Records excerpted from a collection
——————
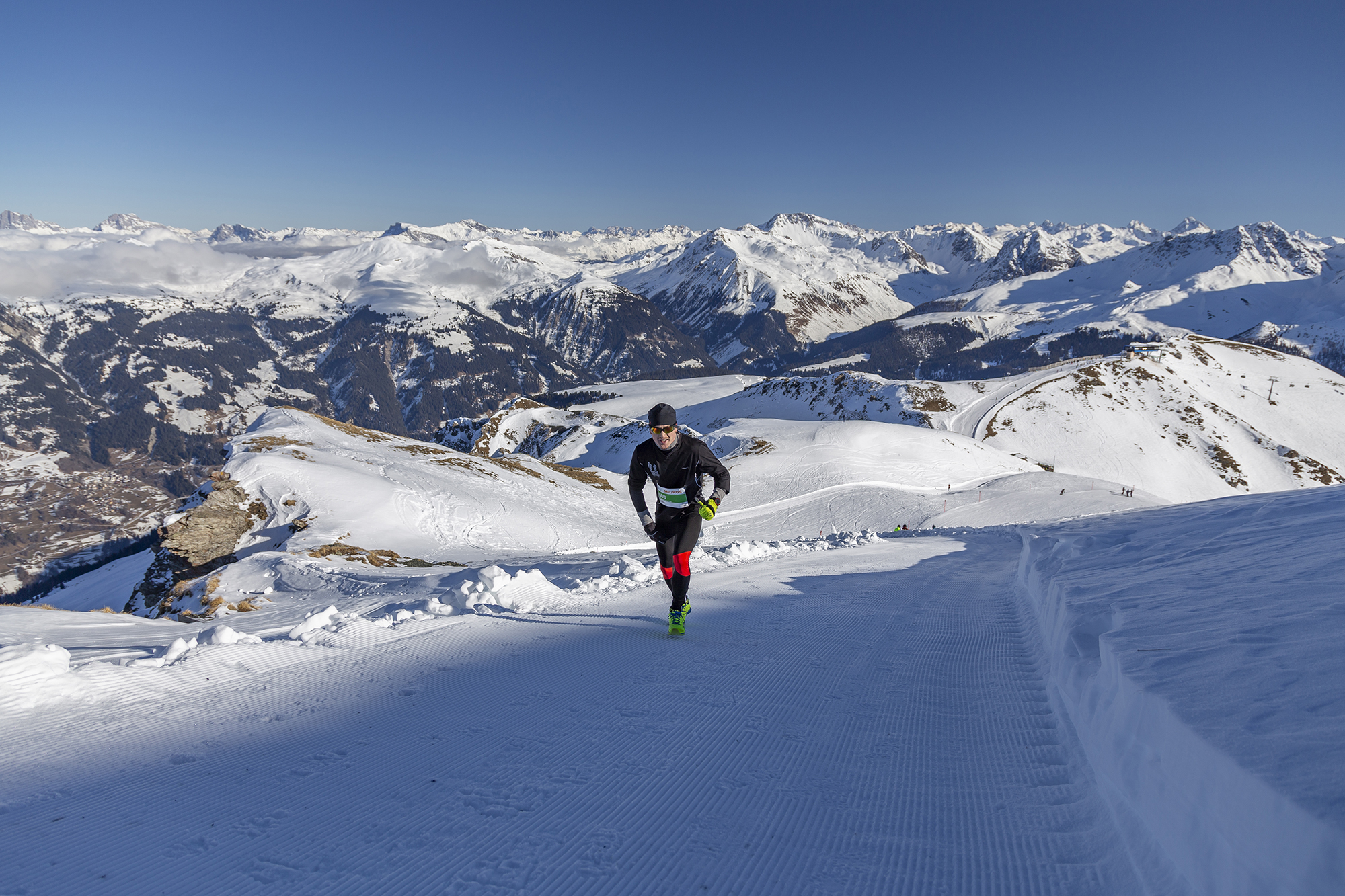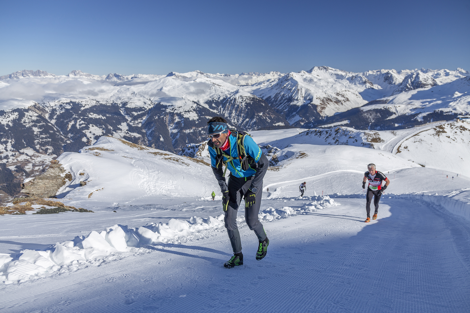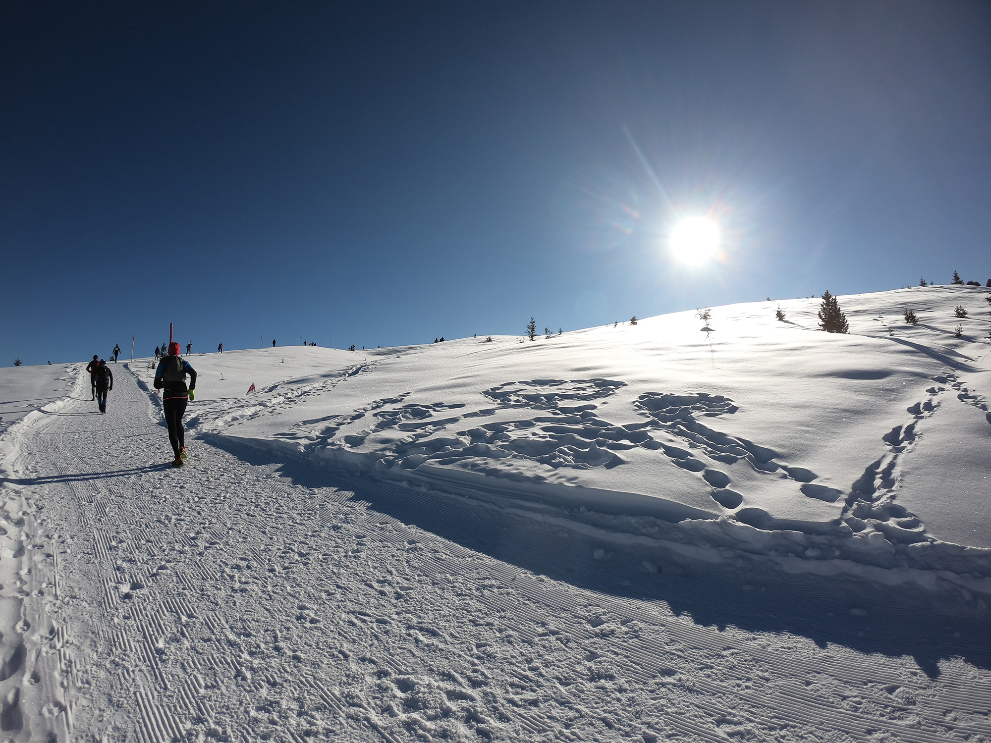 Mit kurzen Schritten arbeite ich mich nach oben. Die Trailschuhe mit Stahlnoppen beißen sich in den Schnee. Aber die bestens präparierte Piste ist so griffig, dass sie auch mit normalen Laufschuhen bewältigt werden kann. Erst im letzten Viertel geht es richtig zur Sache, wo zu großen Teilen im Tiefschnee, noch fast 600 steile Höhenmeter warten. Hier werden auch die Spitzenläufer zu Gehern. Schwerarbeit! Die Lunge pfeift, der Puls hämmert und der Schweiß läuft – trotz der Kälte. Und immer öfter geht es zwei Schritte vorwärts und einen zurück. Aber, das satte Alpenpanorama mit einer ganzen Galerie von Eis- und Schneeriesen, die vor dem tiefblauen Himmel in der Sonne glänzen, berauscht die Sinne. Eine friedliche, meditative Stimmung, die einfach nur glücklich macht und die Strapazen zu einem belanglosen Beiwerk degradieren. Winterzauber pur, auch wenn es kitschig klingt.
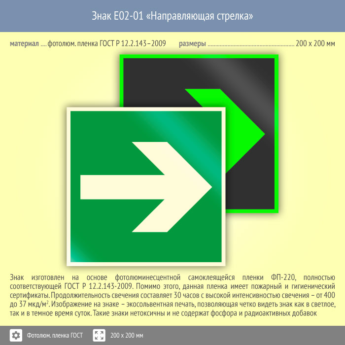 Знак E02-01 «Направляющая стрелка» (фотолюминесцентная пленка ГОСТ 34428-2018, 200х200 мм) в Твери купить
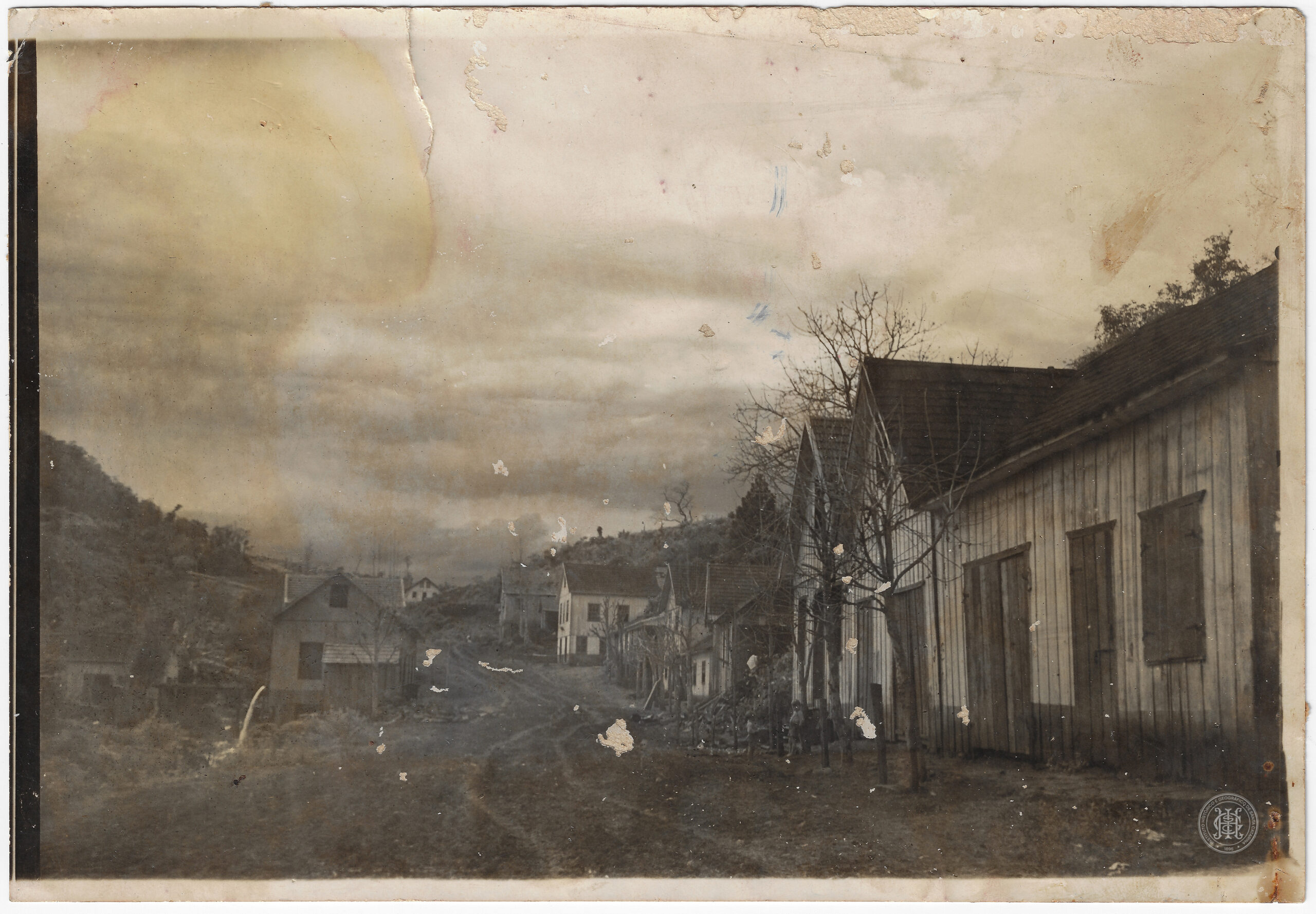 A composição organiza-se a partir de uma estrada de terra que percorre o centro da imagem. No primeiro plano, à direita, destaca-se um conjunto de edificações de madeira com telhados de duas águas, características do período de colonização e expansão ferroviária na região do Meio-Oeste.
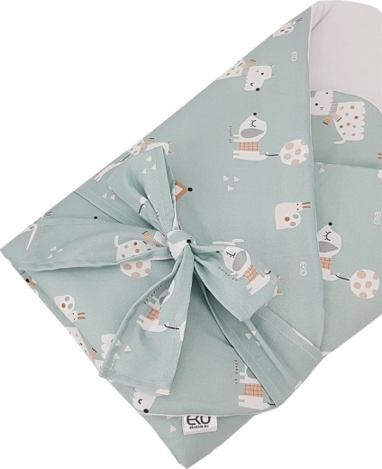 Prémiová zavinovačka EKO v designu Dogs Mint je vyrobena z jemné digitálně tištěné bavlny a hebkého materiálu VELVET. Prodyšná, hypoalergenní výplň zajišťuje optimální teplo a komfort, zatímco vyjímatelná kokosová vložka pomáhá rodičům držet miminko jistě a bezpečně v raném období.
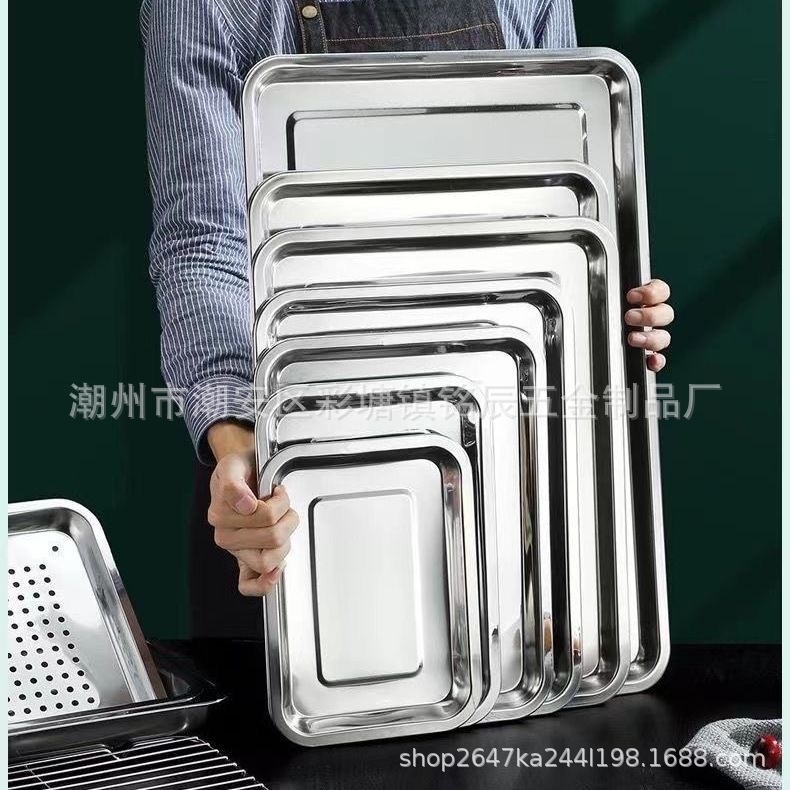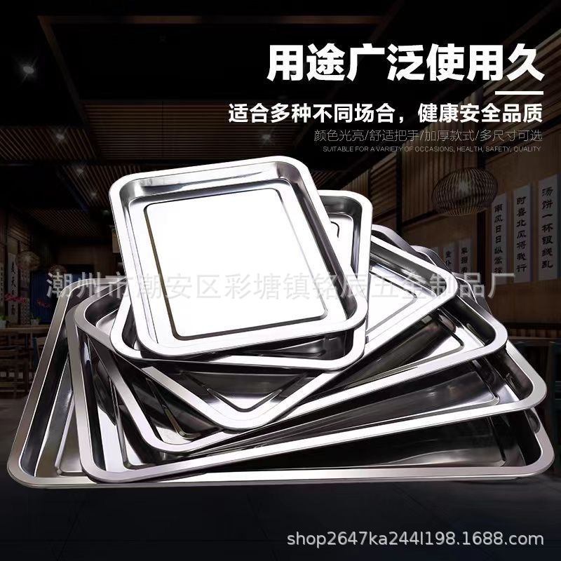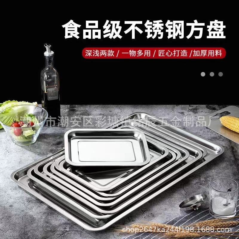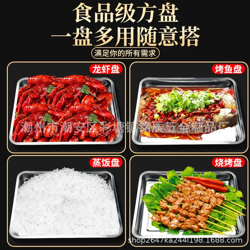 Квадратные тарелки из нержавеющей стали прямоугольные и очень толстые поддоны для ресторана, приготовленные на пару, коммерческая тарелка для домашней кухни тарелка для пельменей
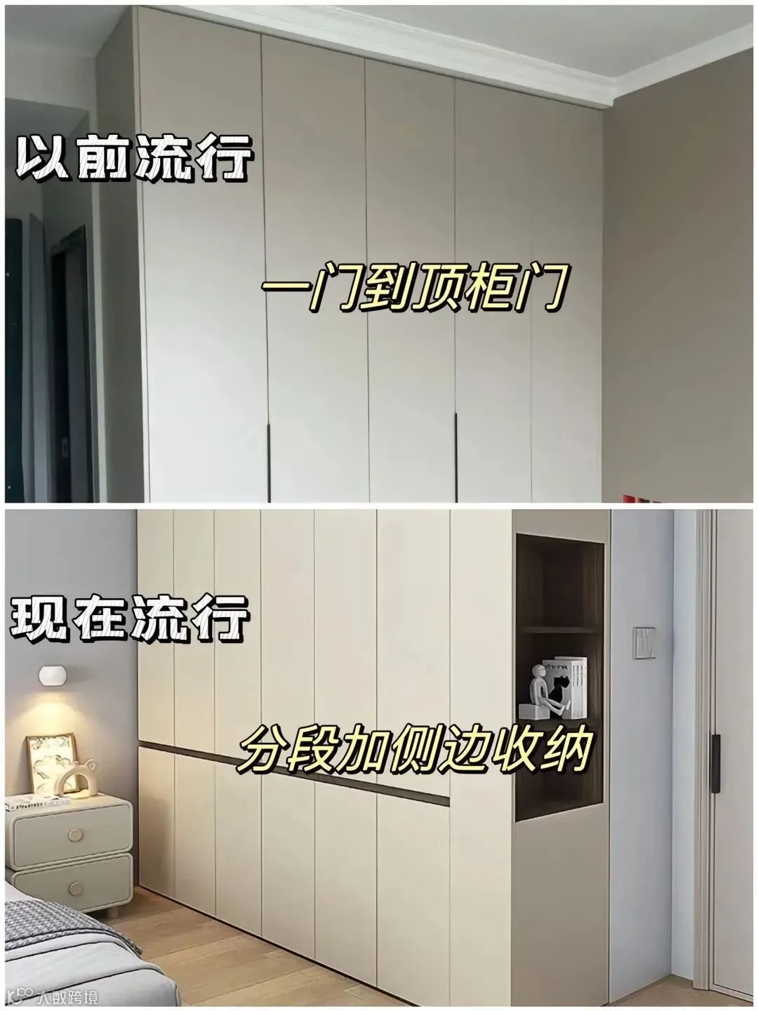 过去,一门到顶的柜门设计是收纳的主流选择,但如今,分段加侧边收纳已经取而代之。这种设计不仅能更好地组织物品,让空间看起来更加整洁和开阔,还能根据不同需求灵活调整。通过使用抽屉、壁架和储物盒,您可以轻松找到所需之物,让居家空间更加便利。
——————
▶ [PROBLEM DESCRIPTION]: Could you set down the data exactly as given, minus its pictures?

▶ [WRITTEN ANSWER]:
 Mit kurzen Schritten arbeite ich mich nach oben. Die Trailschuhe mit Stahlnoppen beißen sich in den Schnee. Aber die bestens präparierte Piste ist so griffig, dass sie auch mit normalen Laufschuhen bewältigt werden kann. Erst im letzten Viertel geht es richtig zur Sache, wo zu großen Teilen im Tiefschnee, noch fast 600 steile Höhenmeter warten. Hier werden auch die Spitzenläufer zu Gehern. Schwerarbeit! Die Lunge pfeift, der Puls hämmert und der Schweiß läuft – trotz der Kälte. Und immer öfter geht es zwei Schritte vorwärts und einen zurück. Aber, das satte Alpenpanorama mit einer ganzen Galerie von Eis- und Schneeriesen, die vor dem tiefblauen Himmel in der Sonne glänzen, berauscht die Sinne. Eine friedliche, meditative Stimmung, die einfach nur glücklich macht und die Strapazen zu einem belanglosen Beiwerk degradieren. Winterzauber pur, auch wenn es kitschig klingt.
 Знак E02-01 «Направляющая стрелка» (фотолюминесцентная пленка ГОСТ 34428-2018, 200х200 мм) в Твери купить
 A composição organiza-se a partir de uma estrada de terra que percorre o centro da imagem. No primeiro plano, à direita, destaca-se um conjunto de edificações de madeira com telhados de duas águas, características do período de colonização e expansão ferroviária na região do Meio-Oeste.
 Prémiová zavinovačka EKO v designu Dogs Mint je vyrobena z jemné digitálně tištěné bavlny a hebkého materiálu VELVET. Prodyšná, hypoalergenní výplň zajišťuje optimální teplo a komfort, zatímco vyjímatelná kokosová vložka pomáhá rodičům držet miminko jistě a bezpečně v raném období.
 Квадратные тарелки из нержавеющей стали прямоугольные и очень толстые поддоны для ресторана, приготовленные на пару, коммерческая тарелка для домашней кухни тарелка для пельменей
 过去,一门到顶的柜门设计是收纳的主流选择,但如今,分段加侧边收纳已经取而代之。这种设计不仅能更好地组织物品,让空间看起来更加整洁和开阔,还能根据不同需求灵活调整。通过使用抽屉、壁架和储物盒,您可以轻松找到所需之物,让居家空间更加便利。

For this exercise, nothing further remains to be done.